Maybe so, but he’s also a “hungry, grumpy bear,” chuckles close friend and artist Yusuke Hanai. Of the various professional monikers Adler goes under (and there are many), he considers himself chiefly a curator. With that descriptor comes the draw of putting one’s hands on a wide range of works, in addition to meeting and collaborating with A-level talent. Perhaps most importantly, it also entails “just bringing beauty to a space,” Adler says.
Inspiration for Adler comes at all hours and strikes anywhere, from the car to lying in bed late at night. “I can immerse myself in Instagram for hours,” he says, “then days go by and I don’t even realize it. I’m always bookmarking things—a lot of my books and magazines have pages bent or little marks or colored paper sticking out of them. Everywhere I go I’m taking hundreds of photos with my phone. It’s ridiculous.”
It would make sense then that Adler’s home is an extension of his acquired design sensibilities. He has a naturally keen eye for cultivating a wide range of physical media—and for recognizing talent on the upswing. The results of his process have clearly born fruit: Adler’s “little surf shack,” as he calls it, is full of eclectic, limited-edition nuggets from his time in California. “It’s a museum of my life up to this point,” he adds. And while it might be worthy of a photo shoot now, the apartment was unrecognizable when he first happened upon it.
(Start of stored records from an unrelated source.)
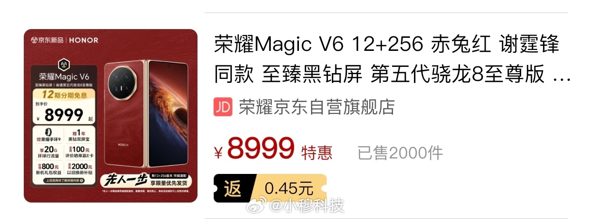穆fans已确认,荣耀magicV6在某东两天预售量在2000+,对于涨价较大的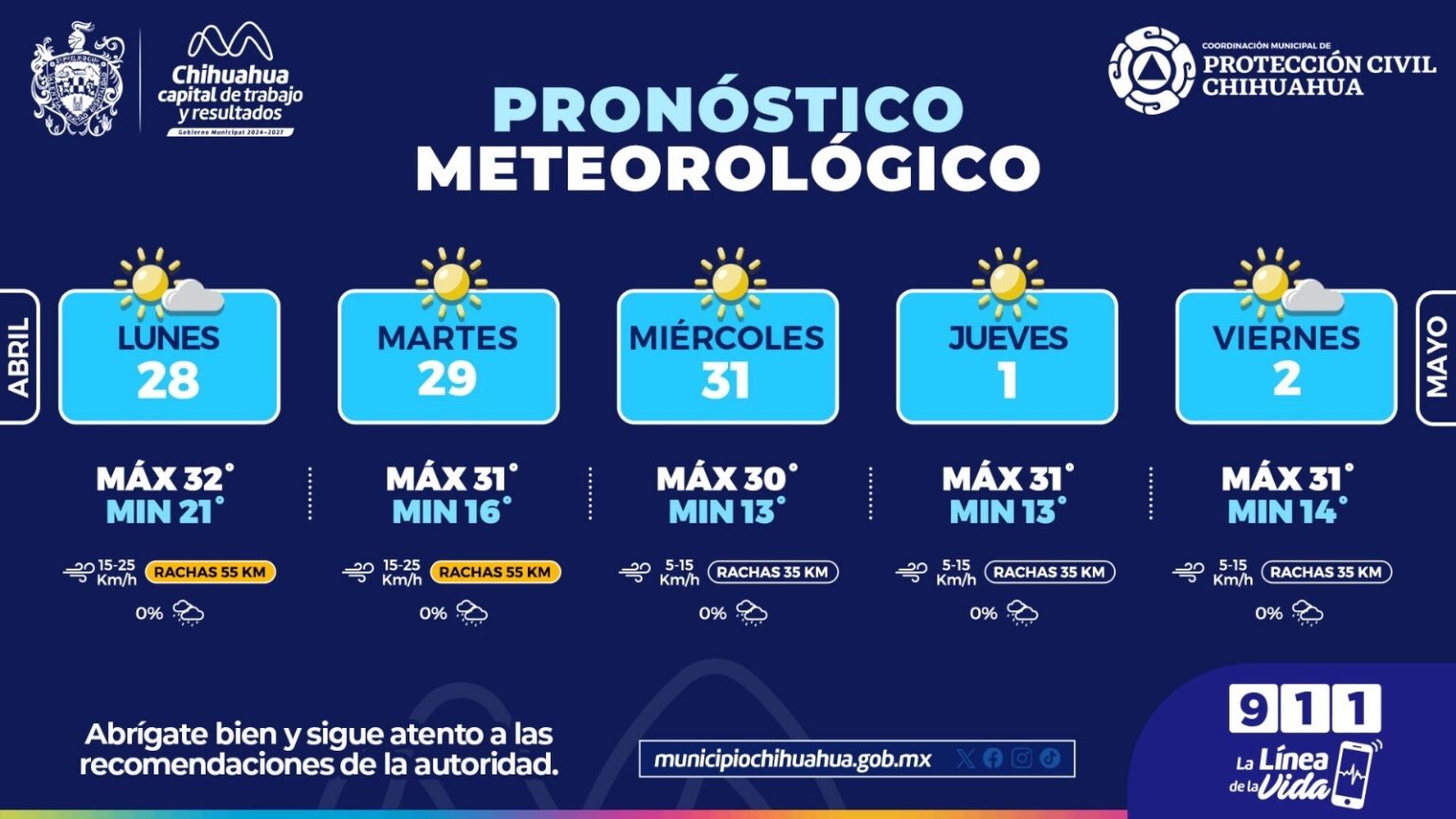 La Coordinación Municipal de Protección Civil informó que, esta semana prevalecerán días calurosos con temperaturas de hasta 32°C por lo que exhortan a cuidarse y tomar suficiente agua a fin de prevenir la deshidratación.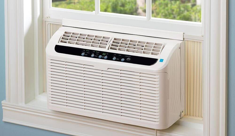Такие агрегаты бывают напольными и оконными. Оконные моноблоки встраиваются в оконный проем, что часто требует установки специальной створки под размер кондиционера.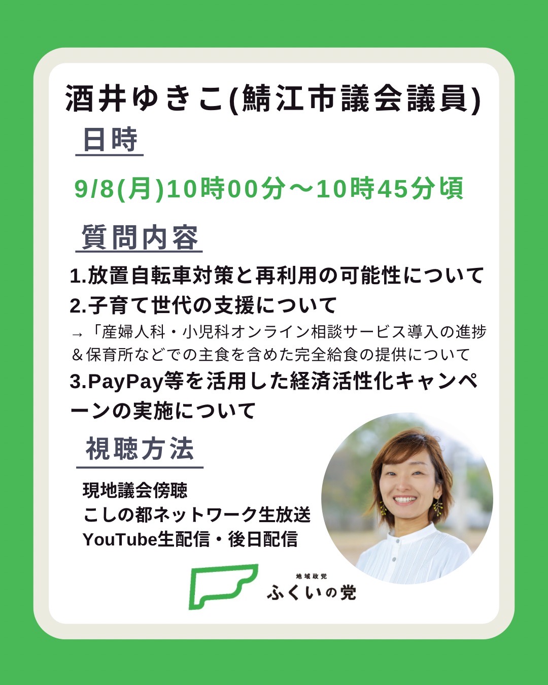 #ふくいの党 #地域政党 #酒井ゆきこ #鯖江市議会議員 #市議会 #議会 #一般質問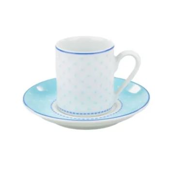 Um poá branco com um tom alegre de azul é o que faz da decoração Maitê descontraida e especial. Se adapta muito bem à diversas ocasiões e combinações, dará mais leveza e alegria à sua mesa posta. As xícaras para café são em um formato reto, com muita elegância para o seu momento do cafézinho!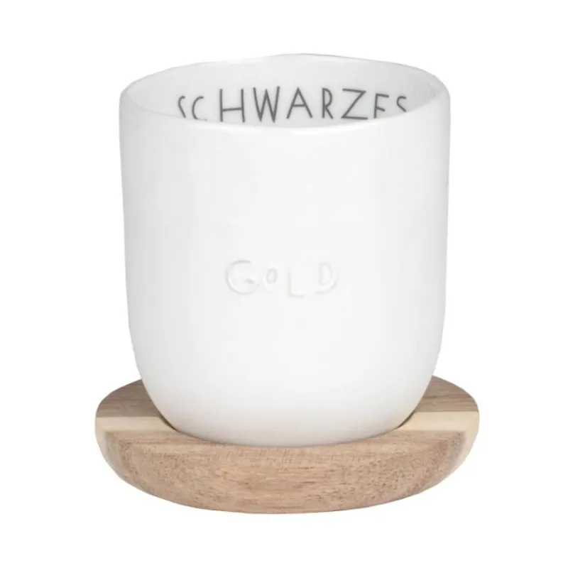 Die Becher von Räder versprühen schon am Morgen gute Laune. Der kleine Becher aus Porzellan, der innen komplett und außen am oberen Rand glasiert ist, sorgt mit seinem netten Spruch für ein Lächeln auf den Lippen oder ermöglicht es allen Espressoliebhabern einen Hinweis auf den Inhalt ihres Bechers zu geben. Besonders raffiniert: Der Spruch „Schwarzes Gold “ ist auf den Innen- und Außenteil des Bechers aufgeteilt und beim Austrinken des Getränks ist auf dem Boden des Bechers noch ein geprägtes Sternensymbol zu entdecken. Komplettiert wird das Set von einem kleinen Tellerchen aus unbehandeltem Akazienholz. Der Becher hat ein Volumen von 100 ml, ist 6 cm hoch und hat einen Durchmesser von 5,5 cm.

Needing to move out of Seal Beach because he “maxed out the garage,” Adler went in search of more space and cheaper rent. Given its striking distance to Huntington Cliffs and Bolsa Chica, the Long Beach apartment presented itself as ideal. The only wrinkle was that it had fallen into disrepair under its previous, chain-smoking tenants. The ceilings were blackened (where there weren’t gaping holes) and a flea circus was popping off in the carpets. “I went in there,” he says, “and ripped out the flooring, did all the painting and hole patching, and just kinda made it my own.”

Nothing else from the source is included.